## [What the exercise asks]
The required output is an exact restatement of the lines, starting with the one that contains "스카프가 가진 페미닌하고" and finishing with the last line of the listing. It contains no pictures.

## [Exercise data]
╔══

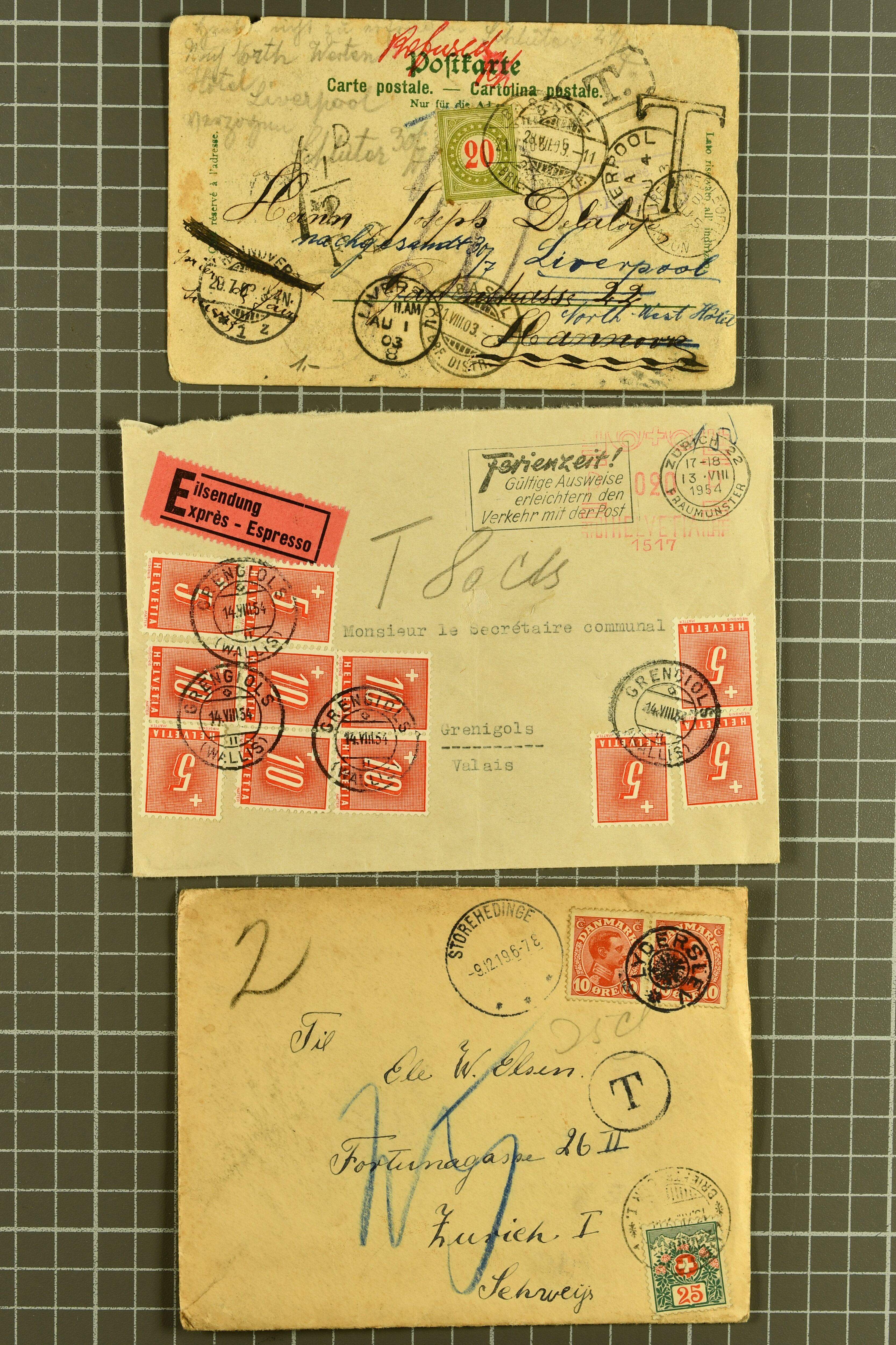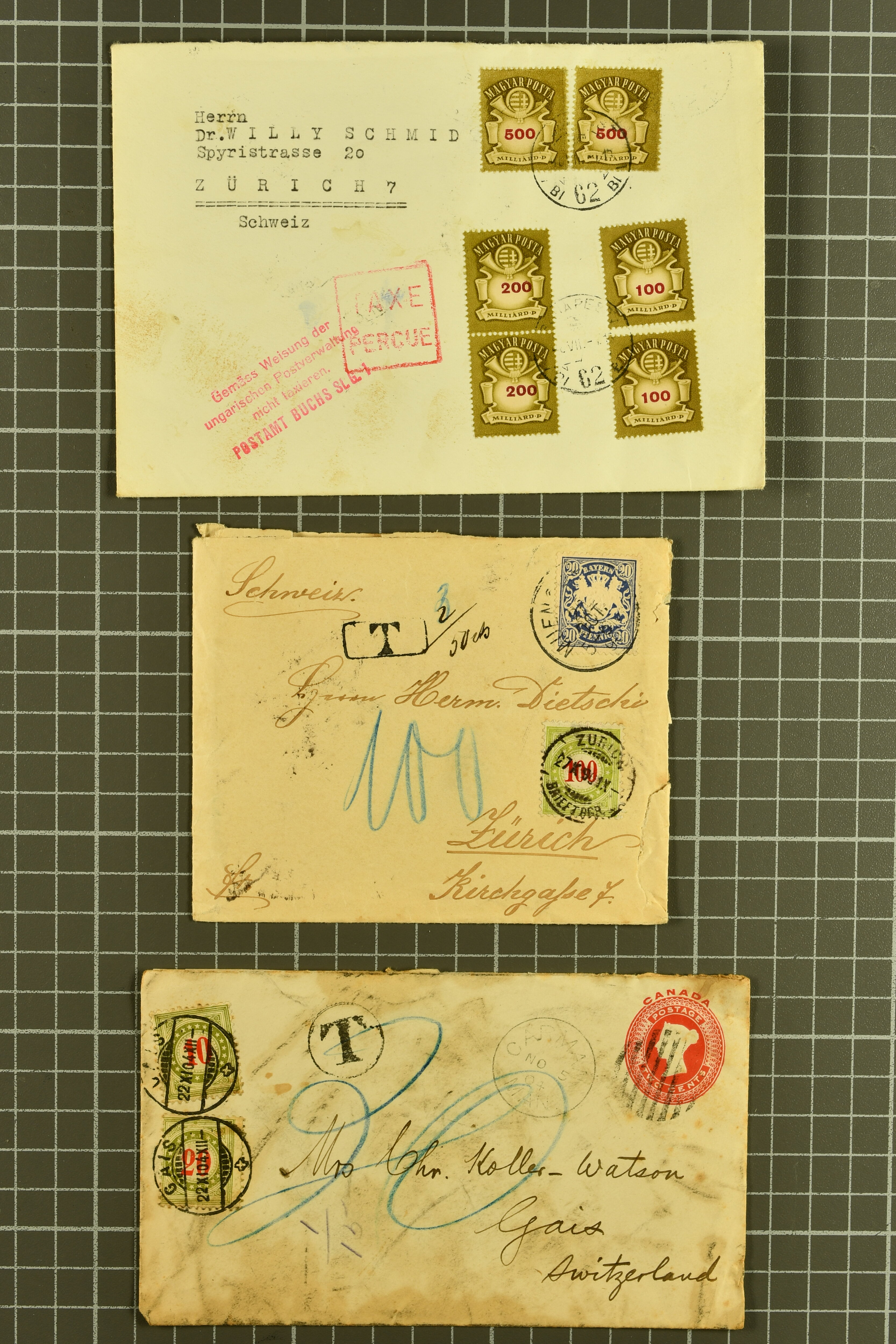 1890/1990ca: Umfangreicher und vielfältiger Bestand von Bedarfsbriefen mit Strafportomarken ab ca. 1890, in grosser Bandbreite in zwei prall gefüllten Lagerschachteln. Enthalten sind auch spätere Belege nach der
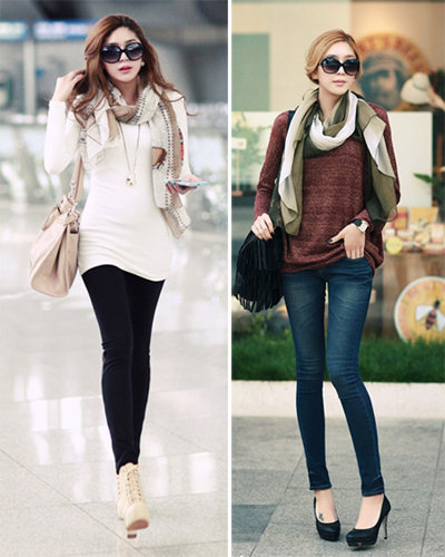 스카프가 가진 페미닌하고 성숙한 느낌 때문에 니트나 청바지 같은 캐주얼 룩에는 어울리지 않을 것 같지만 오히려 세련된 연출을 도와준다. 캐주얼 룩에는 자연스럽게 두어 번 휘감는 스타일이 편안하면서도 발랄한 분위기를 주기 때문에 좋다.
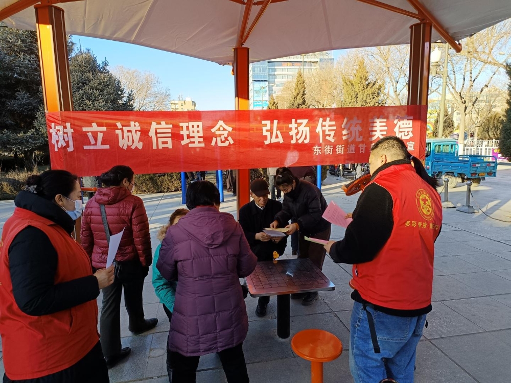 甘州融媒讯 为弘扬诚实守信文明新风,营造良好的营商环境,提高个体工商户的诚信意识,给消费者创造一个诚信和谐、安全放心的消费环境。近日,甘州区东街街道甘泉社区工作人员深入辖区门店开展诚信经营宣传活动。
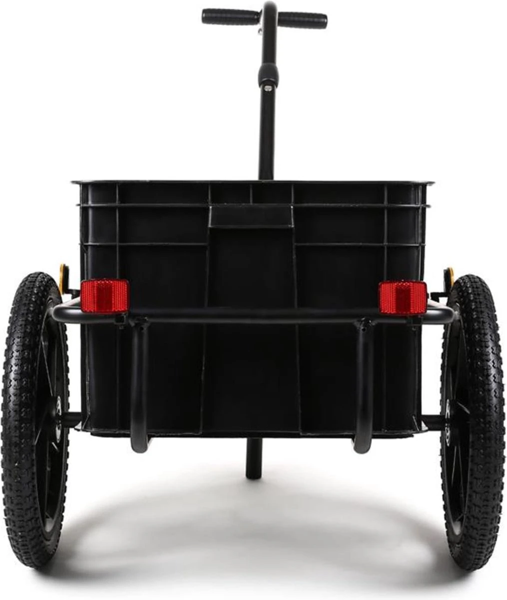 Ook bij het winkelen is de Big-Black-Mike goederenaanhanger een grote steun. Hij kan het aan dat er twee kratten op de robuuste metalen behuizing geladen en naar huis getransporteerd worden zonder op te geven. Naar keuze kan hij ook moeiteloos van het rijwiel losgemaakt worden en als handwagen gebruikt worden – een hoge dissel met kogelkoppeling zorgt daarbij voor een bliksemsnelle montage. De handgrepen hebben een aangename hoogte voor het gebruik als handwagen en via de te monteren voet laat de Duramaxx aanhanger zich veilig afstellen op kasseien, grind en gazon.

╚══

## [Your response]
 스카프가 가진 페미닌하고 성숙한 느낌 때문에 니트나 청바지 같은 캐주얼 룩에는 어울리지 않을 것 같지만 오히려 세련된 연출을 도와준다. 캐주얼 룩에는 자연스럽게 두어 번 휘감는 스타일이 편안하면서도 발랄한 분위기를 주기 때문에 좋다.
 甘州融媒讯 为弘扬诚实守信文明新风,营造良好的营商环境,提高个体工商户的诚信意识,给消费者创造一个诚信和谐、安全放心的消费环境。近日,甘州区东街街道甘泉社区工作人员深入辖区门店开展诚信经营宣传活动。
 Ook bij het winkelen is de Big-Black-Mike goederenaanhanger een grote steun. Hij kan het aan dat er twee kratten op de robuuste metalen behuizing geladen en naar huis getransporteerd worden zonder op te geven. Naar keuze kan hij ook moeiteloos van het rijwiel losgemaakt worden en als handwagen gebruikt worden – een hoge dissel met kogelkoppeling zorgt daarbij voor een bliksemsnelle montage. De handgrepen hebben een aangename hoogte voor het gebruik als handwagen en via de te monteren voet laat de Duramaxx aanhanger zich veilig afstellen op kasseien, grind en gazon.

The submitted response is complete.